To be honest, no, getting shared libs right is not really hard, it only
requires a bit of care for shared libraries specific needs, and clear
code dependencies. The problem with samba is that we have quite a bit of
spaghetti dependencies, and the only way to make useful libraries is to
untangle some of this code. I've been working slowly with Andrew to try
to unravel some of that, unfortunately I've been busy in the last year
or so, so my progress in this area has been very slow.

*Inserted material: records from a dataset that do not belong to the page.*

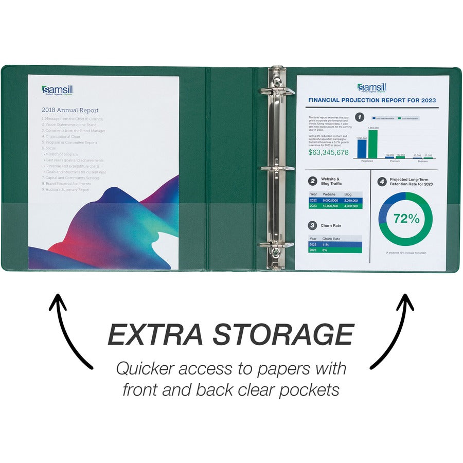 Durable, three-ring View Binder is ideal for daily use at your home, school or office. Binder is made with polypropylene and chipboard and features a clear overlay with a nonglare finish. PVC-free, nonstick material won't transfer ink or lift copy from materials inserted into the cover or placed inside the binder. Lid-mounted, D-shaped rings create a rivetless spine to a professional look that impresses during presentations. The 2" binder holds up to 475 sheets to keep all your documents in one, convenient place for easy organization.
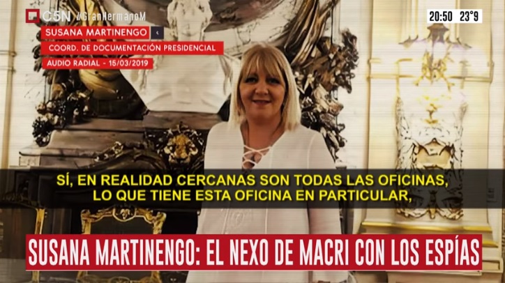 “La ex funcionaria de máxima confianza de Mauricio Macri está cada vez más en la mira, por lo que fue convocada para este viernes por la Comisión Bicameral de Seguimiento de los Servicios de Inteligencia”, indica Sofía Caram en un artículo para Pagina 12 publicado hace unas horas.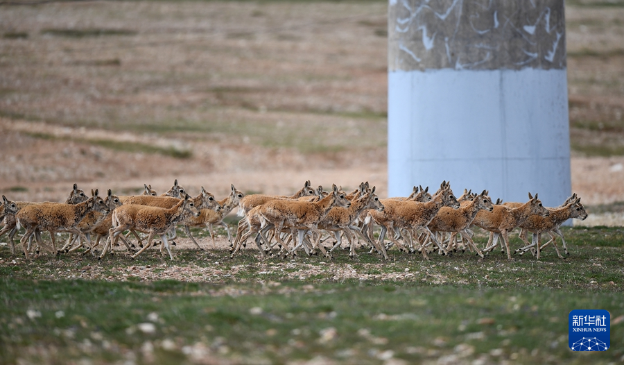 7月28日,一群藏羚羊在青藏鐵路沿線活動。新華社記者 張宏祥 攝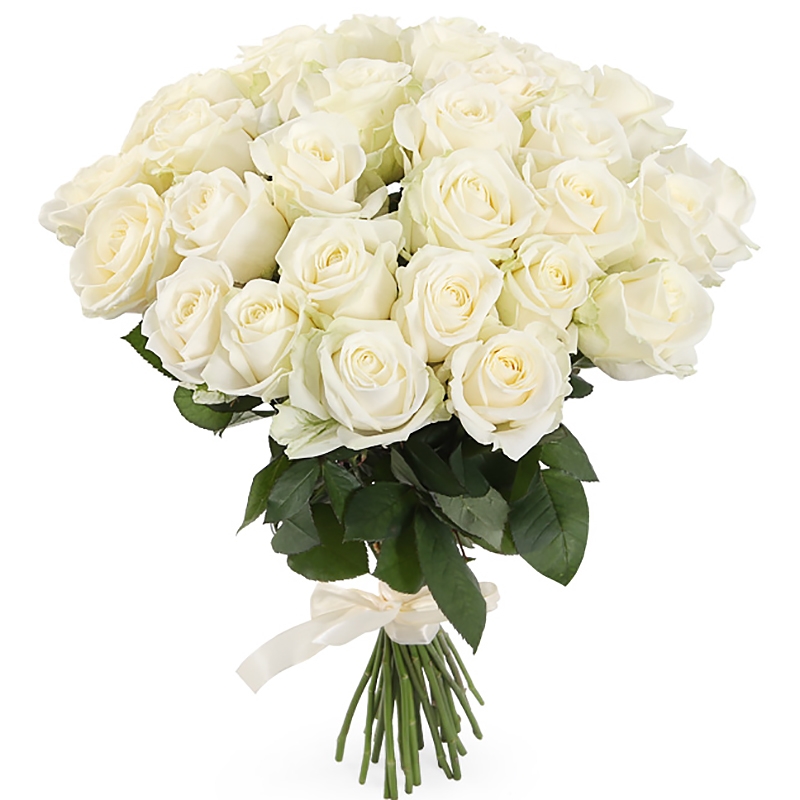 Букет состоит из 35 белых роз, прозрачная упаковка, атласная лента.

I've been working (asking mostly) for 2 years to Jelmer and Metze to
help me fix the samba4 build system so that code wouldn't be statically
linked to libraries, or even (horror) linked multiple times within the
samba4 binaries themselves. Unfortunately the build system is so
complicated only Jelmer and Metze seem to understand how it works, so
any fix depend on them getting involved and potentially the person who
wrote and understand some deep down code to provide hooks or to break
some internal dependency. It's long and tedious work, but not
conceptually hard.


The other issue, also not very hard but important, is that basic
libraries should try to avoid breaking the ABI as much as possible,
because a soname bump is not a solution if different inter-dependent
libraries can be rebuilt at different times. Any incompatible change of
a basic library requires rebuilding all packages linking to the previous
version, and an upgrade of the library. This is a real issue when the
number of libraries and packages dependent on a basic library start
growing.

Talloc, being a memory allocation library, is one such basic library
(but tdb, ldb, tevent are also there to a lesser extent), that is why I
strongly believe we should do all we can to keep the ABI stable.
If we are not willing to make the promise that we will do *all* we
possibly can to maintain library ABIs stable we are going to cause a lot
of problems to all users down the road.
Unfortunately we do not have much choice, we encouraged other people to
use these libraries. Openchange is one of the projects that totally
depends on these libraries, and any change in API/ABI is going to
negatively impact them. I am using them in sssd. Other people have said
or expressed the desire to use them.

So, where do we stand?
Can we take some responsibility not to break our users unless really
necessary ?


Simo.

--
Simo Sorce
Samba Team GPL Compliance Officer <simo@...>
Principal Software Engineer at Red Hat, Inc. <simo@...>


Re: the sorry saga of the talloc soname 'fix'

by tridge@samba.org :: Rate this Message:

Reply to Author | View Threaded | Show Only this Message

Hi Simo,

If you want the binary backward compatibility stuff in your RedHat
packages of talloc, then please add it there. Keep it for as many
years as you think it is needed. Maintain those changes in whatever
way you want.

I will try to keep API compatibility in lib/talloc in Samba as far as
is reasonably possible without compromising the code. I don't promise
the API won't ever change. I certainly don't promise the ABI won't
change.

A huge proportion of the Samba codebase is now being exported as
shared libs and used by projects like OpenChange. I'm delighted that
they are using it, and I'm sure they will be able to continue to use
it in the future without us having to commit to no ABI changes across
all the code they are using.

A lot of the changes we make to pidl end up breaking the ABI. Each
time we edit an IDL file we break the ABI. Numerous tdb changes over
the years have broken the ABI. If we had committed to the ABI never
changing on those a few years back we'd now be up to our necks in
backwards compatibility hacks.

If you think that is the only way we can do Samba libs then I
disagree, and I'd also say that if it was the price, then it is not a
price the Samba project should pay. Shared libs are a nice sideline,
they are not the core purpose of the Samba project. They are the
responsibility of those who decide to produce the shared libs. I
admire the efforts of those who choose to do it, but I do not accept
that the rest of the project must be driven by the imperatives of
those shared library efforts.

 > This will happen only if talloc.so.1 is not available on the system, So
 > far you advocated having both as a solution to avoid rebuilding all
 > packages that depend on talloc.

nope, in you only get this warning from the loader when both
libtalloc.so.1 and libtalloc.so.2 are on the system.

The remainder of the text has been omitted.